Update to Model S disabled after close by lightning strike while Supercharging

TMC thread

Bottom line, Tesla engineers had the OPs Tesla Model S for a month and a half, after the lightning incident, while Tesla performed diagnostics and made repairs to an unspecified number of Tesla Model S components. Tesla returned the repaired Model S to the OP once repairs and testing by the Service Center was completed.
But they also said “normally not covered”. So who knows.
 
We are are experiencing our third day in a row of severe thunderstorm warnings here in Western North Carolina. While we usually don't have many problems we have had lightning damage of electronics twice in the past 30 years. I have been trying to unplug my MYLR for the storms. When searching the subject I really don't get a definitive answer.

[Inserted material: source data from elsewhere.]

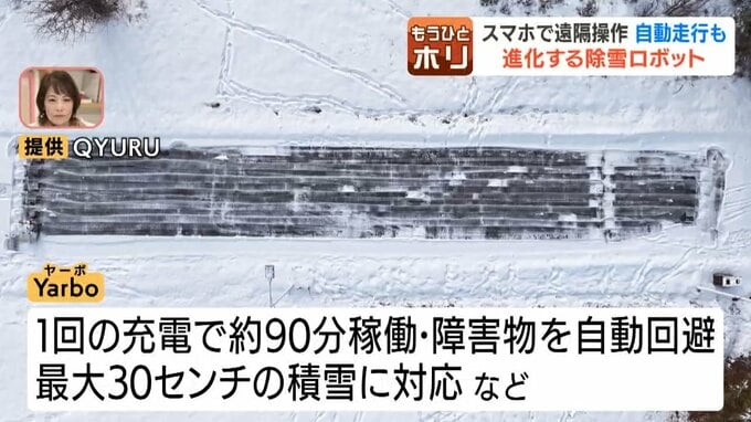 バッテリー式で、冬場でも1回の充電で、約90分稼働でき、自動で障害物を回避。最大30センチの積雪にも対応します。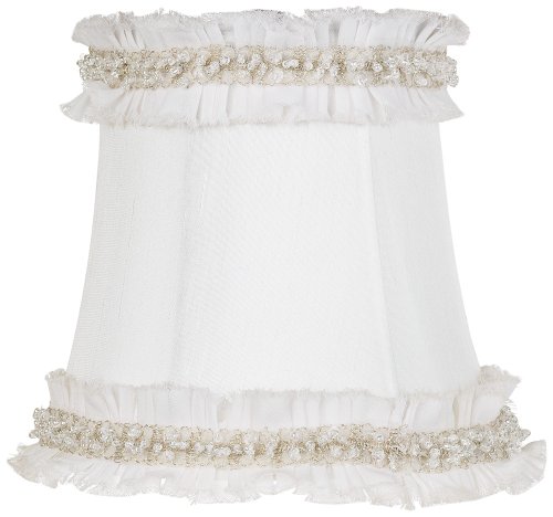 Give a fresh new look to a chandelier or other small fixture with this delightful white fabric bell shade. The faux silk shade has a white raw-edge trim detailed with silver and white beading. A quick and easy way to update your decor. Recommended for use with 25 watt bulbs.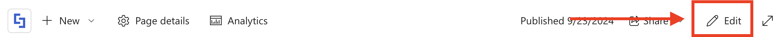 - Go to the SharePoint page you want to use and click Edit:

Though Tesla recommends keeping the car plugged in when not driving I left the car unplugged last week to avoid lightning while we were out of town for 6 days. It was charged to 80% when I left and was still showing 80% when I returned so phantom power draw does not seem to be a problem with my vehicle.

While nothing can really withstand a direct lightning strike, I am most concerned with power surges caused by these storms.

Do you unplug your Tesla for these storms?
Yes.
 
I live on a hill and a tree in front of my house was hit by lightning years ago. The lightning blew out a trench from the tree to my underground power line to my well pump. Burned up that pump along with a TV in my house and some other electrical equipment. I think it would be wise to unplug my Y during thunderstorms.